Bir tekne daha gelir.

Ancak imam yine “Yaradan”ın kendisini koruyacağına inancının tam olduğunu söyleyerek tekneye binmez.

Sular iyice yükselir.

İmam artık minarenin son şerefesindedir.

Bir helikopter yaklaşır.

İçindekiler, durumun kötü olduğunu anlatarak, imama helikoptere gelmesi konusunda ısrar ederler.

İmam yine helikoptere binmeyi reddeder.

Bir süre sonra sular iyice yükselir ve imam boğularak ölür.

Kendisini ahretin kapısında melekler karşılar.

Melek: ‘Hoş geldiniz, buyurun...’

İmam: ‘Cennete girmek istediğimden emin değilim.’

Melek: ‘Neden?’

İmam: ‘Yaradan”a biraz kırgınım.’

Melek: ‘Ne oldu ki?’

İmam: ‘Ben hayatımı ibadet ederek geçirdim. İnsanlara hep iyilik yaptım.

Günahtan uzak durdum.

Yaşadığım köyü sel bastı, Herkes kaçtı ama “Yaradan”ın beni kurtaracağına inandığımdan ben kaldım.

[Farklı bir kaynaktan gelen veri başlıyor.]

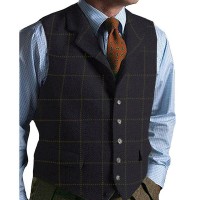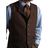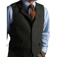 Mens Vintage Plaid Lapel Single Breasted Slim Vest 09816788M

Görüyorsunuz ki şimdi buradayım.’

Tam bu sırada  yukarılardan bir nida duyulur. “Bu Efendiye iki tekne, bir helikopter gönderdik..

Kurtarmak için daha ne yapacaktık?

Böylesine aklını kullanmayan insanın zaten bizim cennetimizde yeri olamaz.”

xxx

Maalesef böyleleri vardır yakın çevremizde…

Örneğin benim yakın bir arkadaşım var, inat mı inat…

Elmaya armut dediyse, ona “elma” dedirtmek mümkün değil…

Körü körüne inat eden biri…

İnadı nedeniyle en yakınındaki, canından, kanından insanlarla arası açık…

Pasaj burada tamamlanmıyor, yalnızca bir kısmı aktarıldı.